__EXERCISE DESCRIPTION__
A letter-for-letter copy of the listing is required, with no pictures in it.

__DATA PROVIDED__

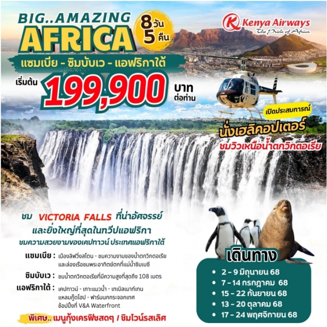 ทัวร์แอฟริกาเป็นอีกหนึ่งตัวเลือกที่น่าตื่นเต้นสำหรับนักท่องเที่ยวที่ต้องการสัมผัสประสบการณ์ใหม่ๆ ที่แตกต่างไปจากการเที่ยวทวีปอื่นๆ ในแอฟริกา คุณจะได้พบกับแหล่งท่องเที่ยวที่มีทั้งความงดงามทางธรรมชาติและวัฒนธรรมที่น่าสนใจ ไม่ว่าจะเป็นการท่องเที่ยวในอียิปต์ ที่จะพาคุณย้อนเวลาไปสู่ยุคโบราณ ชมมหาพีระมิดแห่งกีซ่าและสฟิงซ์อันยิ่งใหญ่ หรือการเดินทางสู่เคนยาเพื่อสัมผัสซาฟารีในอุทยานแห่งชาติเซเรนเกตี ชมสัตว์ป่าท่ามกลางธรรมชาติอันกว้างใหญ่แบบใกล้ชิด นอกจากนี้ ทัวร์โมร็อกโกยังนำคุณเข้าสู่โลกแห่งสีสันของตลาดมาร์ราเกชและสถาปัตยกรรมอันสวยงามของเมืองโบราณเฟซ
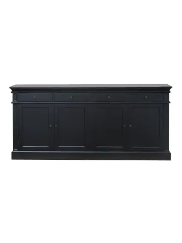 Das Amaretta-Sideboard mit 4 Türen und 4 Schubladen, Breite 186 cm, Höhe 86 cm, Antikschwarz, ist ein Sideboard in der Farbe Schwarz, das sowohl Stil als auch Funktionalität in Ihr Zuhause bringt. Sideboard aus Massivholz in unserer beliebten Amaretta-Serie. Antik patiniert und schwarz lackiert mit antiken Metallgriffen und mit 4 Schubladen und 4 Türen und 2 Einlegeböden. Perfekt zur Aufbewahrung von feinem Geschirr. Solide Qualitätsmöbel mit Seele. Stilvolles Design mit antiker Patinierung. Ein hochwertiges Möbelstück, stilvoll, charmant und solide. Dieses Produkt wurde mit viel Liebe zum Detail hergestellt, was sowohl Ästhetik als auch hohe Haltbarkeit gewährleistet. Bei der Gestaltung wurde sowohl auf Funktionalität als auch auf Stil geachtet, was es zur perfekten Wahl für jeden Raum in Ihrem Zuhause macht. Die verwendeten Materialien sind von hoher Qualität, was dem Produkt eine lange Lebensdauer verleiht und dafür sorgt, dass es dem täglichen Gebrauch standhält. Ob zur Aufbewahrung oder als dekorative Ergänzung, dieses Produkt wertet Ihre Einrichtung auf und bringt zusätzlichen Komfort und Eleganz in Ihr Zuhause.
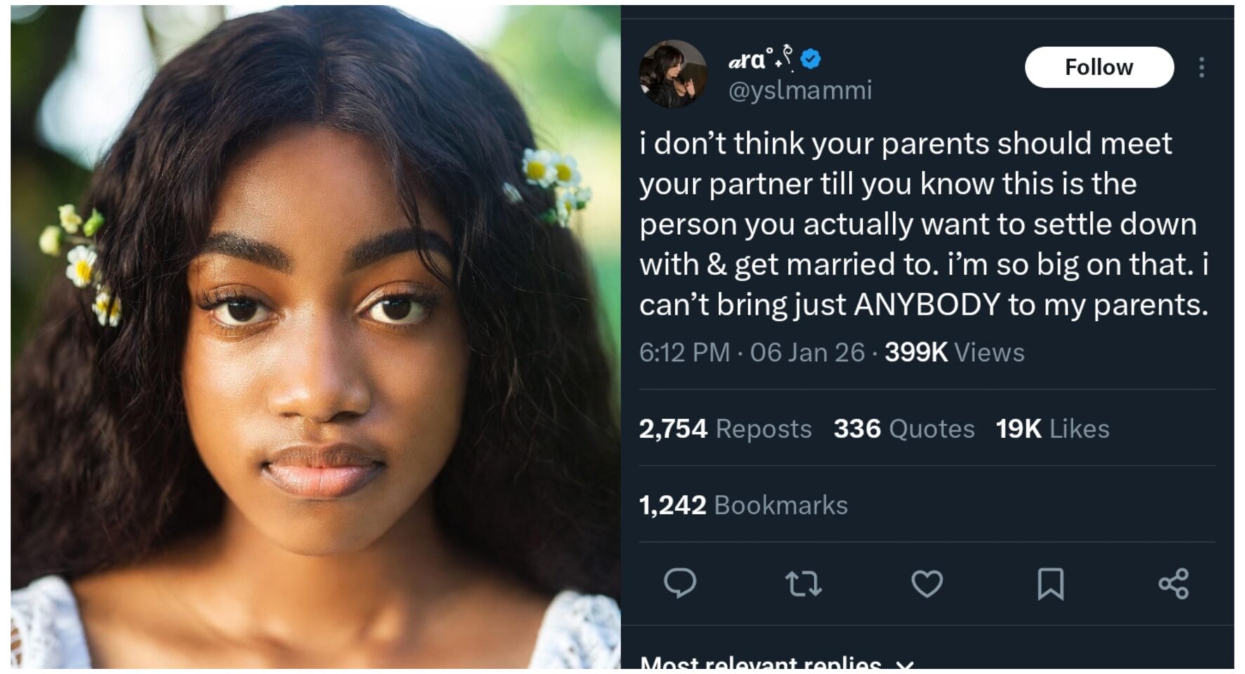 Blaq supported the original post, citing cultural pressure around marriage in Nigeria.HThe e wrote: “100% agree! In Naija, once parents meet your partner, na automatic ‘when is the wedding?’ mode activated 😂. Better to wait till you’re sure about marriage to avoid unnecessary pressure and heartbreak for everyone involved. Wisdom!”

__TASK RESULT__
 ทัวร์แอฟริกาเป็นอีกหนึ่งตัวเลือกที่น่าตื่นเต้นสำหรับนักท่องเที่ยวที่ต้องการสัมผัสประสบการณ์ใหม่ๆ ที่แตกต่างไปจากการเที่ยวทวีปอื่นๆ ในแอฟริกา คุณจะได้พบกับแหล่งท่องเที่ยวที่มีทั้งความงดงามทางธรรมชาติและวัฒนธรรมที่น่าสนใจ ไม่ว่าจะเป็นการท่องเที่ยวในอียิปต์ ที่จะพาคุณย้อนเวลาไปสู่ยุคโบราณ ชมมหาพีระมิดแห่งกีซ่าและสฟิงซ์อันยิ่งใหญ่ หรือการเดินทางสู่เคนยาเพื่อสัมผัสซาฟารีในอุทยานแห่งชาติเซเรนเกตี ชมสัตว์ป่าท่ามกลางธรรมชาติอันกว้างใหญ่แบบใกล้ชิด นอกจากนี้ ทัวร์โมร็อกโกยังนำคุณเข้าสู่โลกแห่งสีสันของตลาดมาร์ราเกชและสถาปัตยกรรมอันสวยงามของเมืองโบราณเฟซ
 Das Amaretta-Sideboard mit 4 Türen und 4 Schubladen, Breite 186 cm, Höhe 86 cm, Antikschwarz, ist ein Sideboard in der Farbe Schwarz, das sowohl Stil als auch Funktionalität in Ihr Zuhause bringt. Sideboard aus Massivholz in unserer beliebten Amaretta-Serie. Antik patiniert und schwarz lackiert mit antiken Metallgriffen und mit 4 Schubladen und 4 Türen und 2 Einlegeböden. Perfekt zur Aufbewahrung von feinem Geschirr. Solide Qualitätsmöbel mit Seele. Stilvolles Design mit antiker Patinierung. Ein hochwertiges Möbelstück, stilvoll, charmant und solide. Dieses Produkt wurde mit viel Liebe zum Detail hergestellt, was sowohl Ästhetik als auch hohe Haltbarkeit gewährleistet. Bei der Gestaltung wurde sowohl auf Funktionalität als auch auf Stil geachtet, was es zur perfekten Wahl für jeden Raum in Ihrem Zuhause macht. Die verwendeten Materialien sind von hoher Qualität, was dem Produkt eine lange Lebensdauer verleiht und dafür sorgt, dass es dem täglichen Gebrauch standhält. Ob zur Aufbewahrung oder als dekorative Ergänzung, dieses Produkt wertet Ihre Einrichtung auf und bringt zusätzlichen Komfort und Eleganz in Ihr Zuhause.
 Blaq supported the original post, citing cultural pressure around marriage in Nigeria.HThe e wrote: “100% agree! In Naija, once parents meet your partner, na automatic ‘when is the wedding?’ mode activated 😂. Better to wait till you’re sure about marriage to avoid unnecessary pressure and heartbreak for everyone involved. Wisdom!”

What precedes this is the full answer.